--- What you should do ---
Going through the material below, output exactly the lines from the one containing "2013 年的 EPS 明顯成長很多,還創新高!( 達 5.55 元 )" through the one containing "India’s FMCG sector", and no pictures.

--- Data for review ---
----

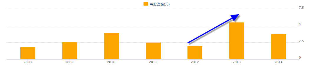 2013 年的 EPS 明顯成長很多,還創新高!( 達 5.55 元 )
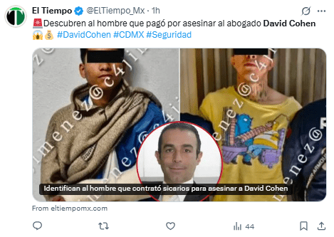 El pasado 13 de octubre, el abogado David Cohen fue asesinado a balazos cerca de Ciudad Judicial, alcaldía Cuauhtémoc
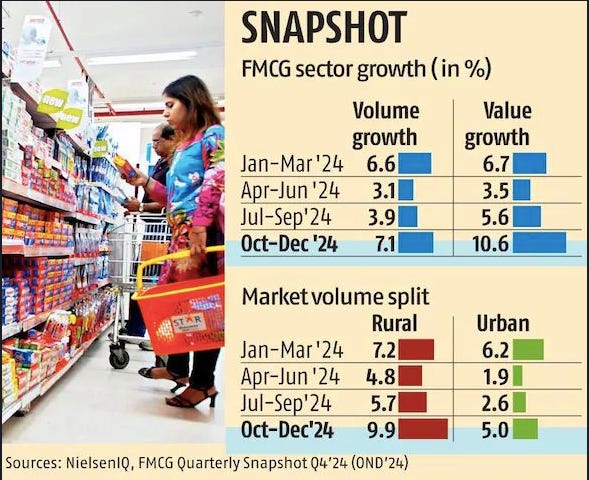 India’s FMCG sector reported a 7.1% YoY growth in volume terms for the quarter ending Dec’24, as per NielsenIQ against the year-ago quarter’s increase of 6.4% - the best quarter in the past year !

----

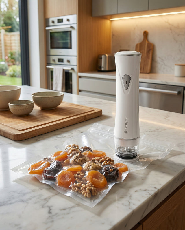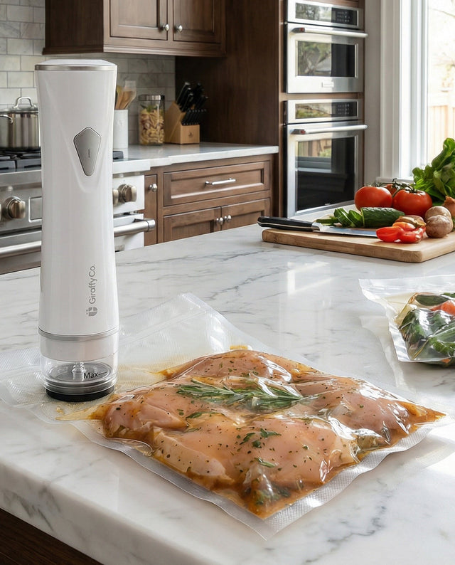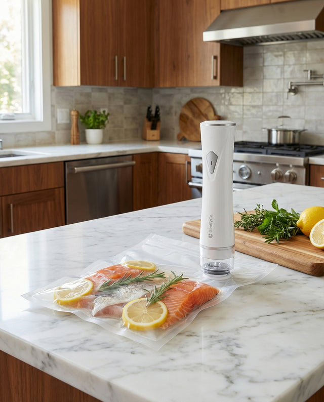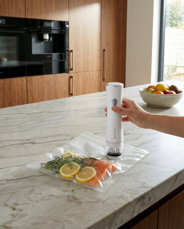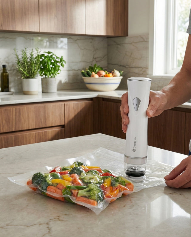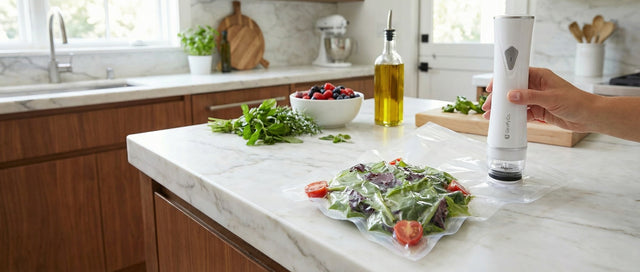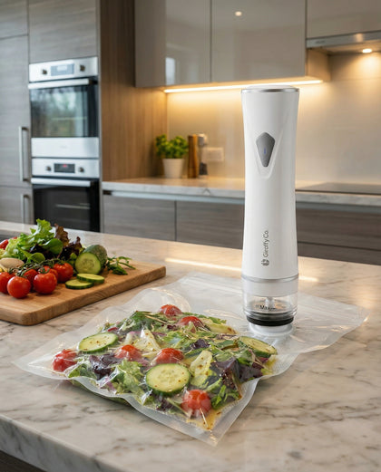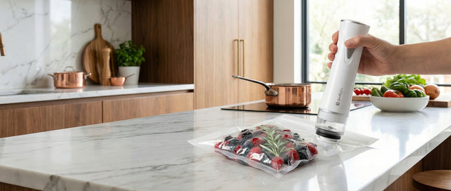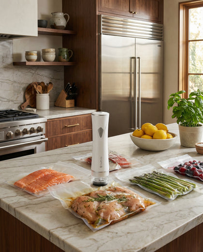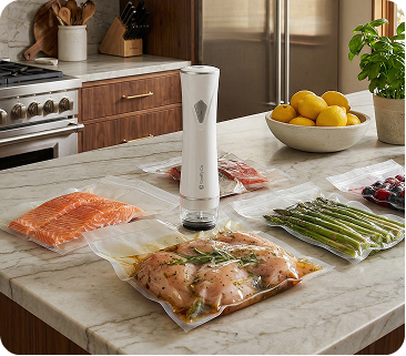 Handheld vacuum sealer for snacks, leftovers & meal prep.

----

--- Solution to this task ---
 2013 年的 EPS 明顯成長很多,還創新高!( 達 5.55 元 )
 El pasado 13 de octubre, el abogado David Cohen fue asesinado a balazos cerca de Ciudad Judicial, alcaldía Cuauhtémoc
 India’s FMCG sector reported a 7.1% YoY growth in volume terms for the quarter ending Dec’24, as per NielsenIQ against the year-ago quarter’s increase of 6.4% - the best quarter in the past year !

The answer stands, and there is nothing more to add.